## Mediation

Mediation is a complex topic, and the key message to take on — before starting to analyse your data — is that mediation analayses make many strong assumptions abou the data. These assumptions can often be pretty unreasonable, when spelled out, so be cautious in the interpretation of you data.

Put differently, mediation is a correlational technique aiming to provide a causal interpretation of data; caveat emptor.

### Mediation with multiple regression

One common (if outdated) way to analyse mediation is via the 3 steps described by Baron and Kenny @baron1986moderator (also see @zhao_reconsidering_2010).

Let’s say we have a hypothesised situation such as this:

```
knit_gv("
Lateness -> Crashes
Lateness -> Speeding
Speeding -> Crashes
")
```

Baron and Kenny propose 3 steps to establishing mediation.

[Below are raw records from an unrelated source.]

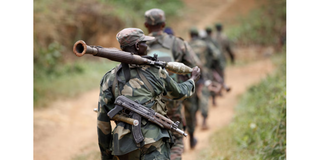 Democratic Republic of Congo military personnel (FARDC) patrol against the Allied Democratic Forces (ADF) and the National Army for the Liberation of Uganda (NALU) rebels near Beni in North-Kivu province, December 31, 2013.
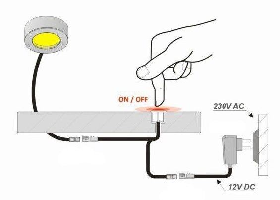 Выключатель сенсорный LED 12VDC 24W белый арт.WYL-SENS-24W-BI-02
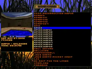 The load game menu allows access to the list of saved games made from the played IWAD. Saves created with the same selection of mods are displayed in white; saves created with mods not currently loaded are displayed in orange and cannot be loaded. Its MENUDEF name is LoadGameMenu and it can be summoned with the menu_load console command.
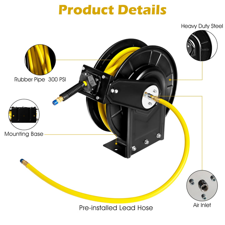 3/8-Inch x 50 Retractable Air Compressor Hose Reel
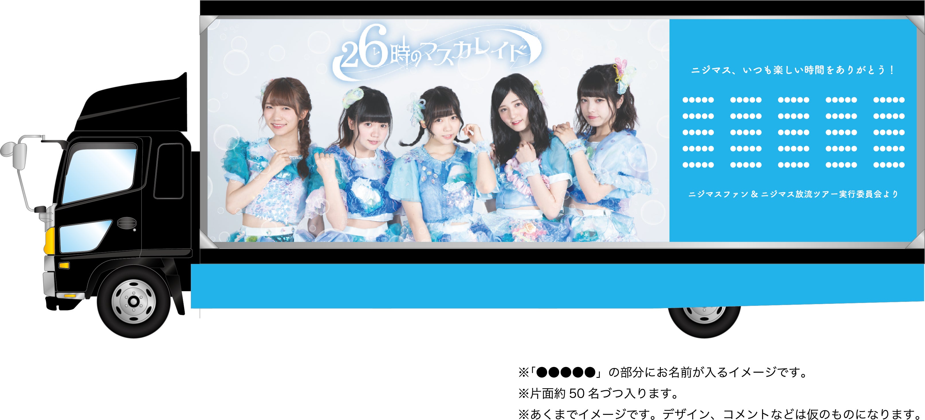 11月24日のツアー最終日に向けて東京でトラック広告を走らせます。トラック広告にはメンバーの写真とご協力いただいたファンのみなさまのニックネームを載せさせていただきます。

These steps correspond to three separate regression models:

### Mediation Steps

#### Step 1 (check distal variable predicts mediator)

That is, show Lateness predicts Crashes

#### Step 2 (check distal variable predict mediator)

That is, show Lateness predicts Speeding

#### Step 3 (check for mediation)

That is, show Speeding predicts Crashes, controlling for Lateness

An additional step, which allows us to test whether the effect is *completely*
mediated, also uses the final regression model:

#### Step 4 (check for total mediation)

That is, check if Lateness still predicts crashes, controlling for Lateness

### Mediation example after Baron and Kenny

Using simulated data, we can work through the steps.

```
smash %>% glimpse
Observations: 200
Variables: 4
$ person <int> 1, 2, 3, 4, 5, 6, 7, 8, 9, 10, 11, 12, 13, 14, 15, 16, …
$ lateness <int> 11, 12, 9, 8, 11, 4, 11, 7, 8, 11, 9, 10, 9, 11, 13, 10…
$ speed <dbl> 48.88524, 43.07030, 33.72812, 44.17897, 51.22378, 40.86…
$ crashes <int> 15, 9, 12, 20, 25, 13, 22, 14, 22, 18, 11, 16, 19, 15, …
```

Step 1: does lateness predict crashes?

```
step1 <- lm(crashes ~ lateness, data=smash)
tidy(step1) %>% pander()
```

term | estimate | std.error | statistic | p.value |
---|---|---|---|---|

(Intercept) | 12.15 | 1.204 | 10.09 | 1.365e-19 |

lateness | 0.4448 | 0.1125 | 3.953 | 0.0001074 |

Step 2: Does lateness predict speed?

```
step2 <- lm(speed ~ lateness, data=smash)
tidy(step2, conf.int = T) %>% pander()
```

term | estimate | std.error | statistic | p.value | conf.low | conf.high |
---|---|---|---|---|---|---|

(Intercept) | 33.42 | 2.275 | 14.69 | 1.563e-33 | 28.93 | 37.9 |

lateness | 0.515 | 0.2126 | 2.422 | 0.01633 | 0.09573 | 0.9343 |

The coefficient for `lateness`

is statistically significant, so we would say
yes.

Step 3: Does speed predict crashes, controlling for lateness?

```
step3 <- lm(crashes ~ lateness+speed, data=smash)
tidy(step3) %>% pander()
```

term | estimate | std.error | statistic | p.value |
---|---|---|---|---|

(Intercept) | 2.542 | 1.465 | 1.735 | 0.08427 |

lateness | 0.2967 | 0.09611 | 3.088 | 0.002309 |

speed | 0.2875 | 0.03166 | 9.083 | 1.122e-16 |

The coefficient for speed is statistically significant, so we can say mediation does occur.

Step 4: In the same model, does lateness predict crashes, controlling for speed?
That is to say, is the mediation via speed *total*?

Here, the coefficient is still statistically significant. According to the Baron
and Kenny steps, this would indicate the mediation is *partial*, although the
fact the p value falls one side or another of .05 is not necessarily the best
way to express this (see below for ways to calculate the proportion of the
effect which is mediated).

We should alse be concerned here with the degree to which predictor and mediator are measured with error — if they are noisy measures, then the proportion of the effect which appears to be mediated will be reduced artificially (see the SEM chapter for more on this).